In the study of our optical time series, we accordingly focus on the longer-term variability exhibited by two emission lines (He ii λ 4686 and Hα) which are at least partially formed in the wind. The Hα line is heavily affected by telluric absorption features that need to be corrected to avoid biasing our variability analysis. As a first step, we thus used the telluric tool within IRAF along with the list of telluric lines of Hinkle et al. (2000) to remove these absorptions in the Hα region.

The time-series of continuum-normalized and telluric-corrected spectra were analysed by means of dedicated tools. The spectroscopic variability was first quantified via the temporal variance spectrum (TVS, Fullerton et al. 1996). In the blue spectral range, the strongest variability affects the He iiλ 4686 emission line. In addition to the He i λ 4471, He ii λ 4542, and N iii λλ 4509-4522 absorptions, and the N iii λλ 4634-4642 emission lines discussed by Uuh-Sonda et al. (2014), strong variability is also found in the Hβ absorption line. In the red spectra, the Hα emission displays by far the strongest line-profile variability.

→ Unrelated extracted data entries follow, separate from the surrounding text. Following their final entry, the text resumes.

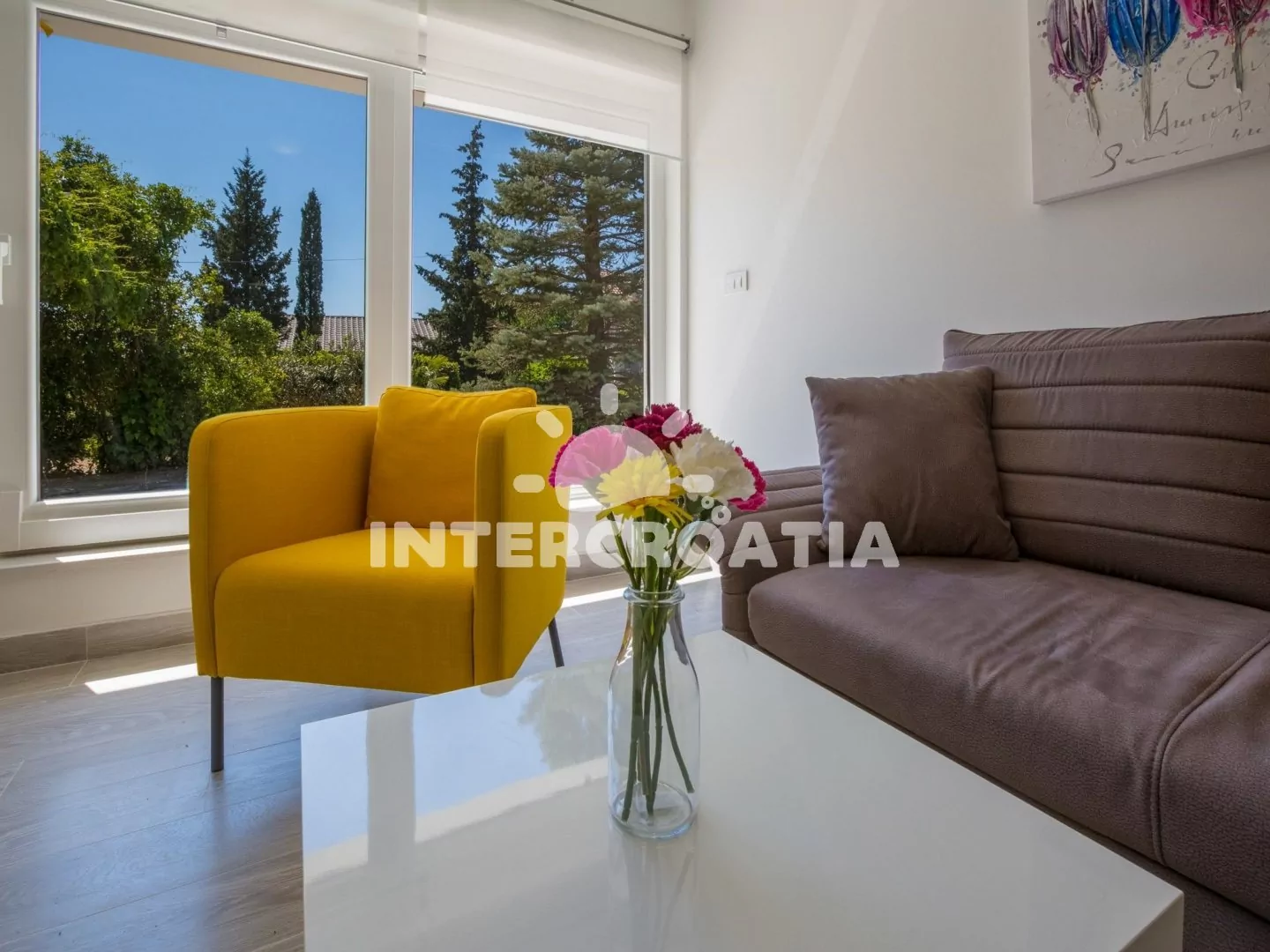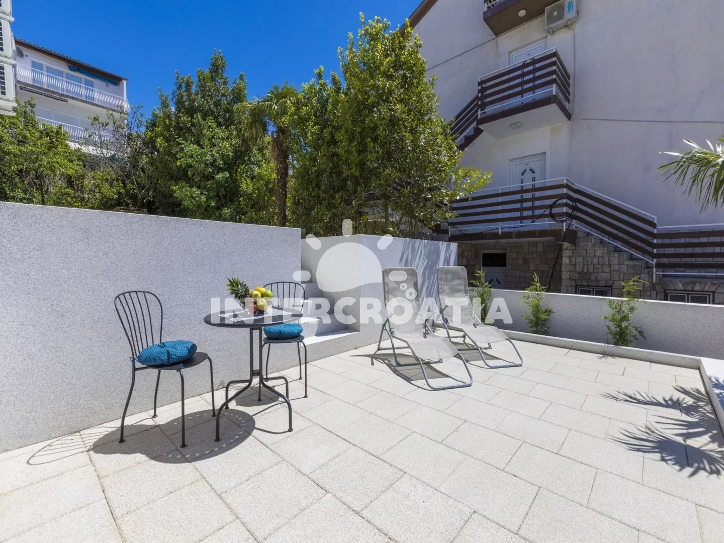 Apartmán (45 m2) s terasou se nachází v přízemí vily a je vhodný pro 2 osoby. Obývací pokoj je spojený s kuchyní. Kuchyňská linka je vybavena sklokeramickou varnou deskou, digestoří, vestavěnou troubou, rychlovarnou konvicí, kávovarem, nádobím a lednicí s mrazákem. Obývací pokoj s barovým stolem, pohovkou, televizí se satelitním programem, radiem, klimatizací a vstupem na terasu. Ložnice je vybavena jedním dvoulůžkem. Koupelna se sprchovým koutem, umyvadlem a wc. Hostům je k dispozici parkování u objektu zdarma.
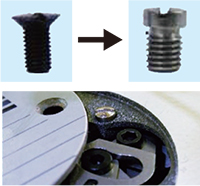 通過在固定銷類型中很難進行拆卸的后面的針板固定螺絲, 將能夠簡單地維護時的針板的拆卸。
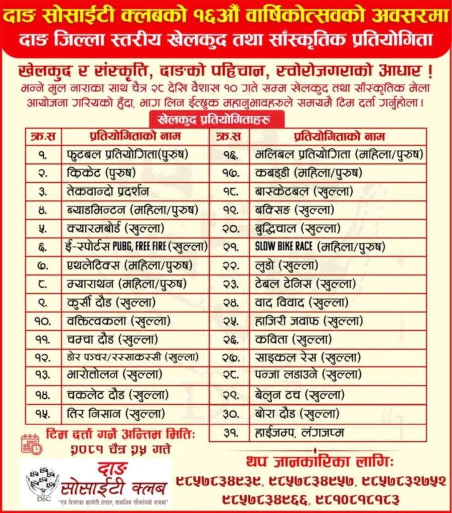 आयोजक दाङ सोसाइटी क्लवले विहीवार घोराहीमा पत्रकार सम्मेलनको आयोजना गरेर प्रतियोगिताका बारेमा जानकारी गराएको छ । १३ दिनसम्म सञ्चालन हुने प्रतियोगितामा विभिन्न विधाका ३७ वटा खेलहरु सञ्चालन हुने भएको दाङ सोसाइटी क्लवका अध्यक्ष लेखनाथ बुढाथोकीले जानकारी दिएका छन् । अध्यक्ष बुढाथोकीका अनुसार प्रतियोगितामा फुटबल र क्रिकेटमा पुरुष र भलिवल, कवडी, मिनी म्याराथन, ब्याडमिन्टन, एथलेटिक्स र स्लो बाइक तथा स्कुटी प्रतियोगितामा महिला र पुरुषले प्रतिष्पर्धा गर्न पाउने भएका छन् ।
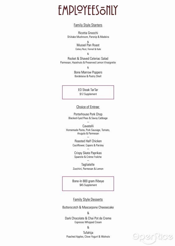 Employees Only (新加坡) 網址: https://s.openrice.com/eKbSB0181i200 地址: 112 Amoy Street, Club Street, Singapore 電話: +65 6221 7357
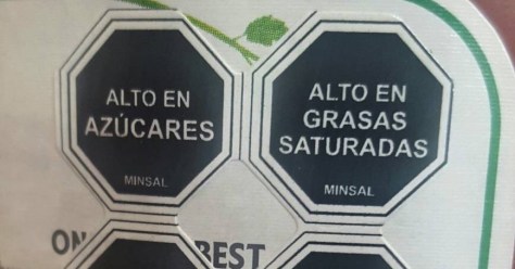 - Blunt, black-and-white communication to cut against colourful packaging. Ex “High in sugar”
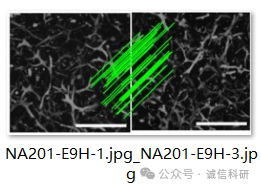诚信科研将图1E-1与1E-3放大及调亮,同时将图1E-1进行旋转得到图1E-1-R,发现图1E-1-R与1E-3出现明显的重叠。
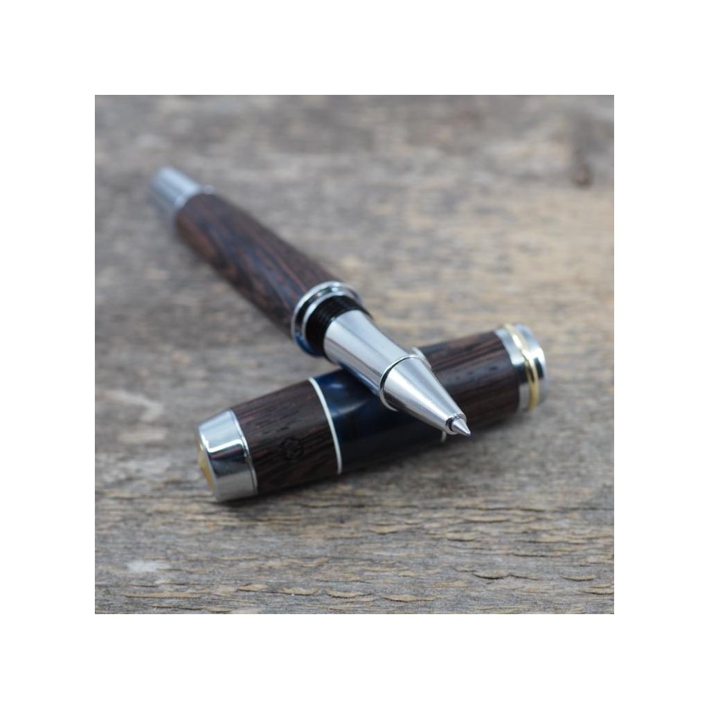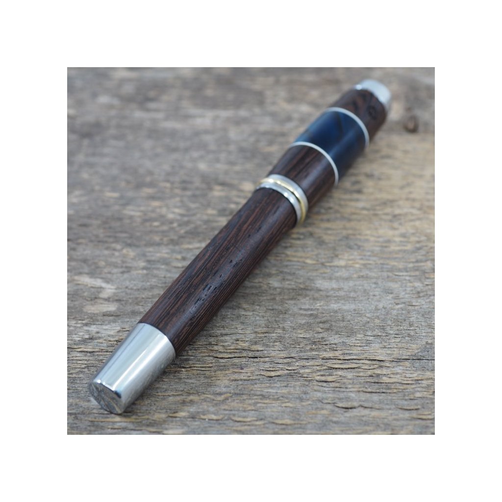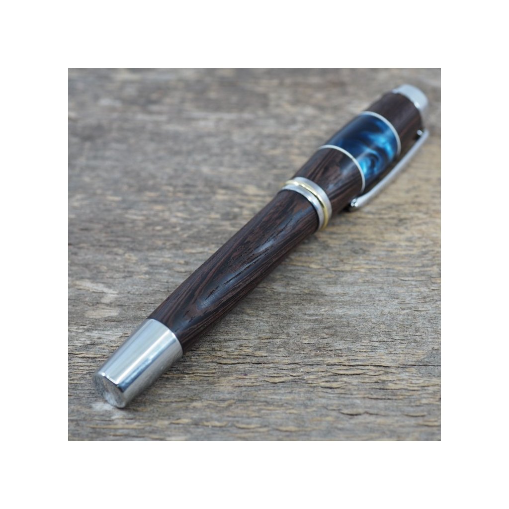 Luxusní ručně vyrobené kuličkové pero Portland L z exotického dřeva Wenge v kombinaci s modrým akrylovým proužkem. Víčko pera je šroubovací, takže dobře drží, a kovové komponenty se lesknou stříbrně. Pero se hodí pro psaní poznámek při obchodních jednáních a na schůzkách, ale také pro krasopisné zaznamenávání událostí do deníčků a diářů. Kuličkové pero je baleno v luxusní dárkové krabičce s přiloženým certifikátem pravosti.
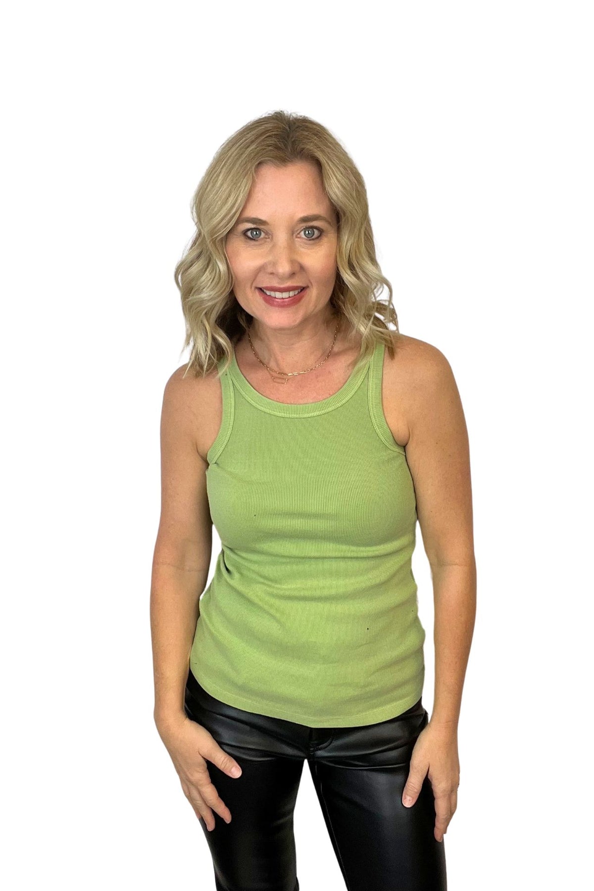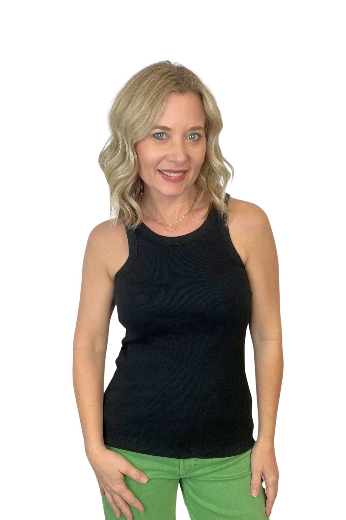 Stay cool and comfortable in the Tamia Racer Back Tank. Featuring a crew neck, ribbed neck and armhole band, and a fitted design in a solid color knit. The perfect blend of style and functionality for wearing alone or as a layering piece. Model is wearing size XS.
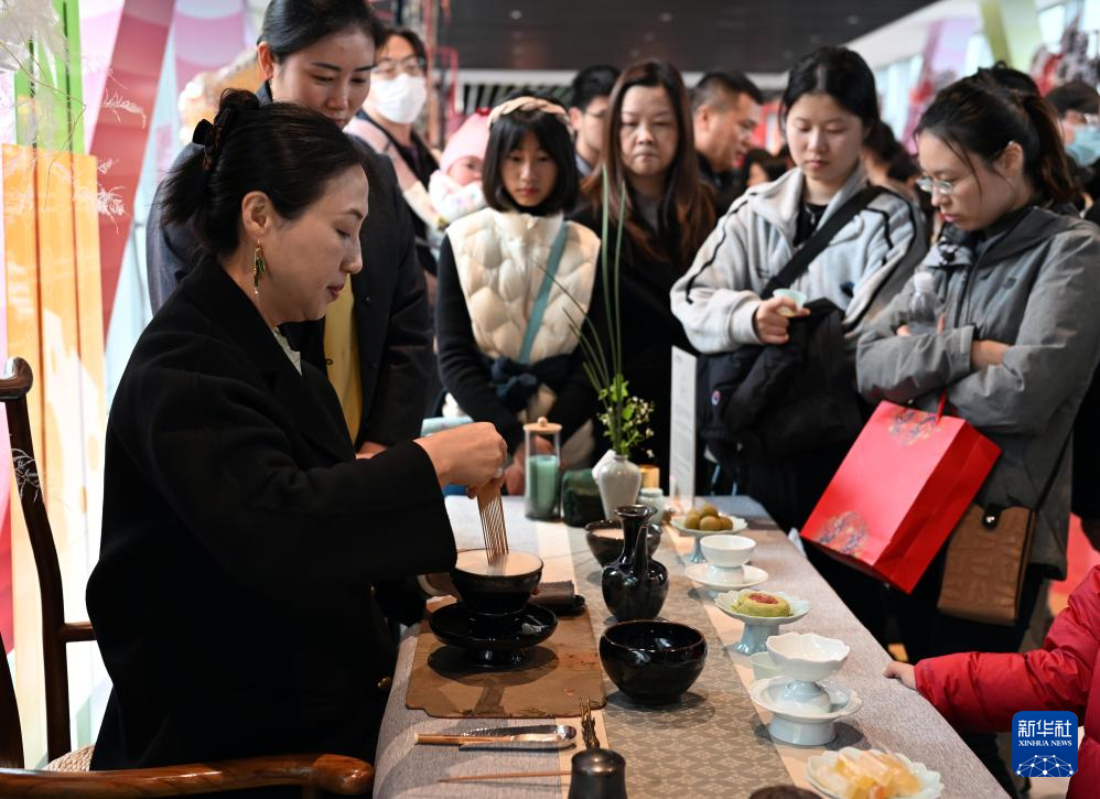3月29日,在嘉亭荟举行的文旅市集上,市民们欣赏传统茶艺表演。
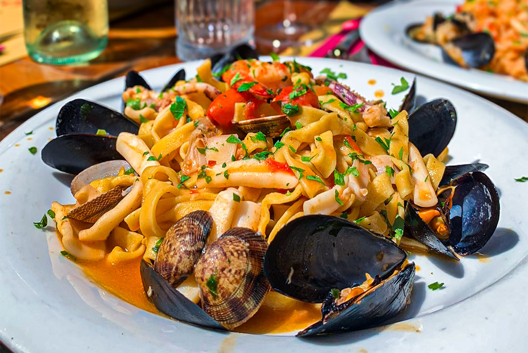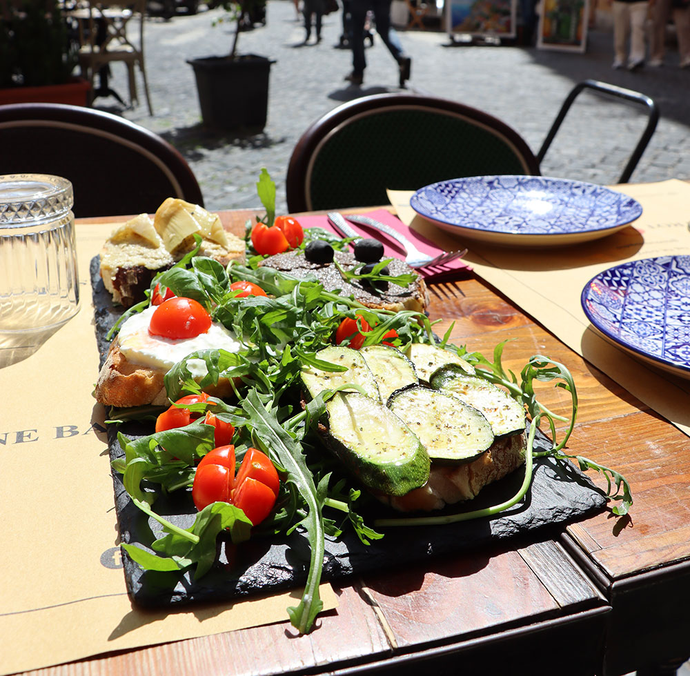 Una colazione all’italiana con cappuccino e cornetto, un pranzo tra piatti tipici e sapori veri, un aperitivo con spritz e bruschette mentre il sole tramonta sui vicoli romani.
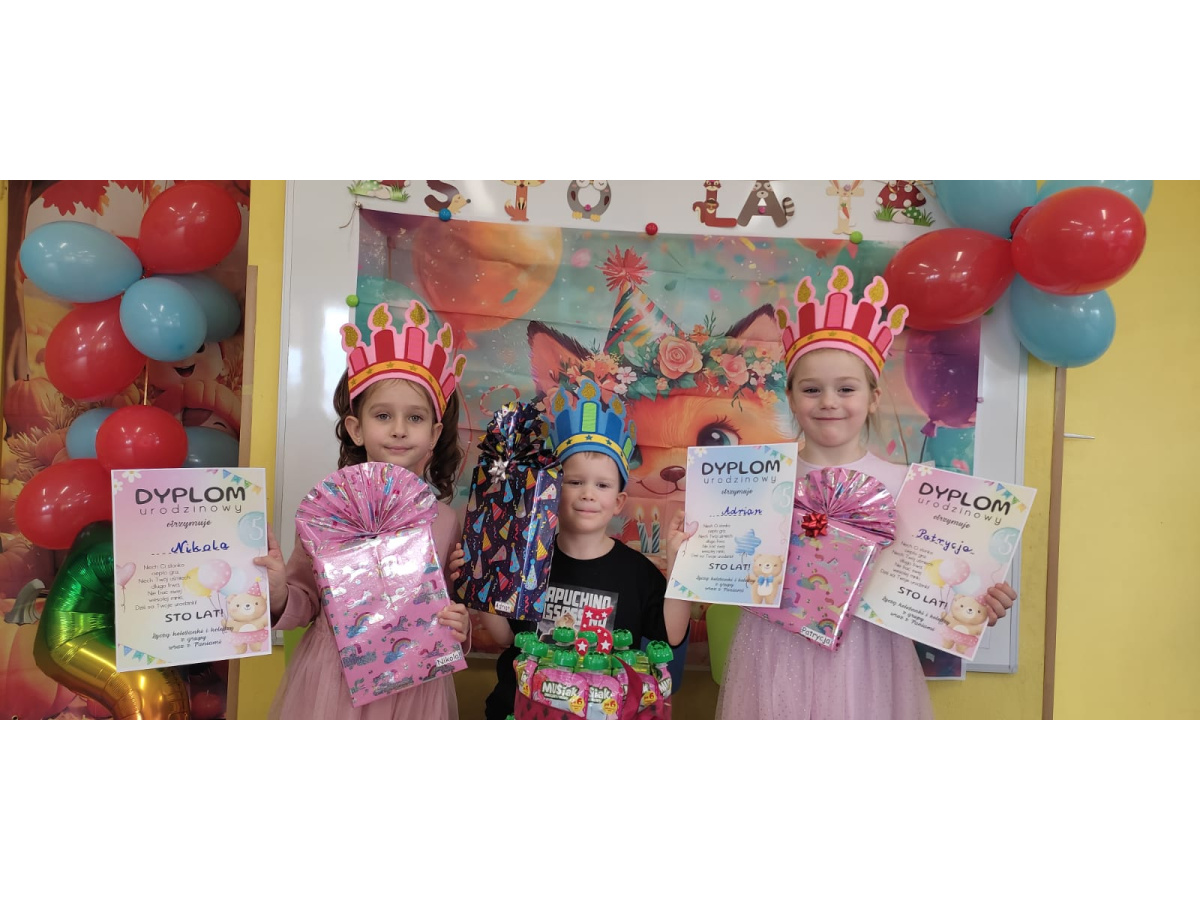 25. marca urodziny w grupie obchodzili: Nikola Patrycja i Adrian. Dzieci z grupy złożyły życzenia, wręczyły upominki i zaśpiewały "Sto lat". Tradycją grupy są wesołe zabawy i tańce. Humor dopisywał całej grupie.

To characterize the timescales of the line profile variability, we have then applied a 2D-Fourier analysis (Rauw et al. 2008). In this method, the Fourier periodogram is computed at each wavelength bin by means of the algorithm of Heck et al. (1985) modified by Gosset et al. (2001). This latter method explicitly accounts for the irregular sampling of the time-series.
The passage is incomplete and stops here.